The budgetary impact of inaction are stark. Rebuilding the health visiting workforce would necessitate substantial public funding, yet the long-term savings from preventative action far outweigh the initial expenditure. Families currently missing out on essential assistance during the crucial formative period face cascading problems that become exponentially more expensive to resolve in future. Emotional health issues, learning difficulties and engagement with criminal justice services all stem, in part, to poor early assistance. The government’s stated commitment to providing every child with the best start in life rings hollow without the means to realise it.

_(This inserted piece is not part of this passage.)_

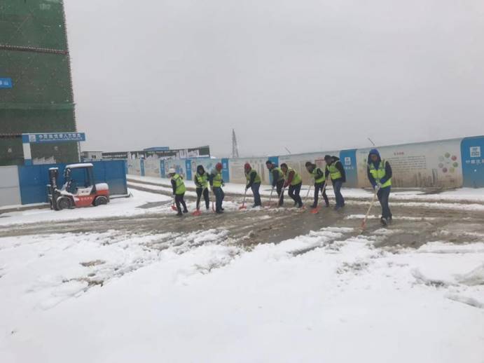 武漢華星光電綜合配套區(qū)項(xiàng)目進(jìn)行初雪鏟雪活動(dòng)
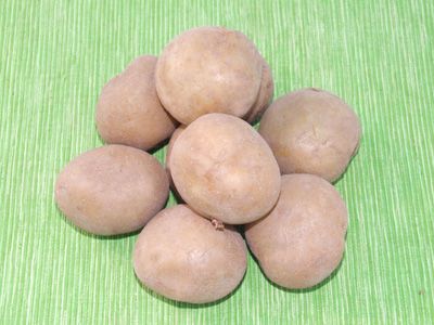 Клубни картофеля сорта Лукьяновский имеют характерную овально-округлую форму с тупой вершиной, что является типичным признаком данного сорта. Столонный след выражен плоско. Кожура клубней обладает светло-бежевым окрасом, что придает им товарный вид. Глазки на поверхности клубней малочисленные и мелкие, что способствует удобству при очистке и переработке. Мякоть клубней имеет кремовый оттенок. Средняя масса товарного клубня варьируется в пределах 90-150 граммов. Данные характеристики формы и окраски клубней являются важными показателями для оценки товарного качества и потребительских свойств сорта Лукьяновский. Сочетание овально-округлой формы, светло-бежевой кожуры и кремовой мякоти делает клубни данного сорта привлекательными для потребителя. Отсутствие глубоких глазков также является преимуществом, так как облегчает процесс кулинарной обработки.

What professionals are insisting on
Health visiting leaders are calling for three key measures: the establishment of sustainable workload limits set at around 250 families per visitor; a significant staffing push to reconstruct the workforce to pre-2014 capacity; and ring-fenced funding to ensure health visiting services are safeguarded against upcoming NHS financial constraints. Without these measures, experts warn that the profession will maintain its trajectory of decline, ultimately affecting the most at-risk families in society who require most critically these services.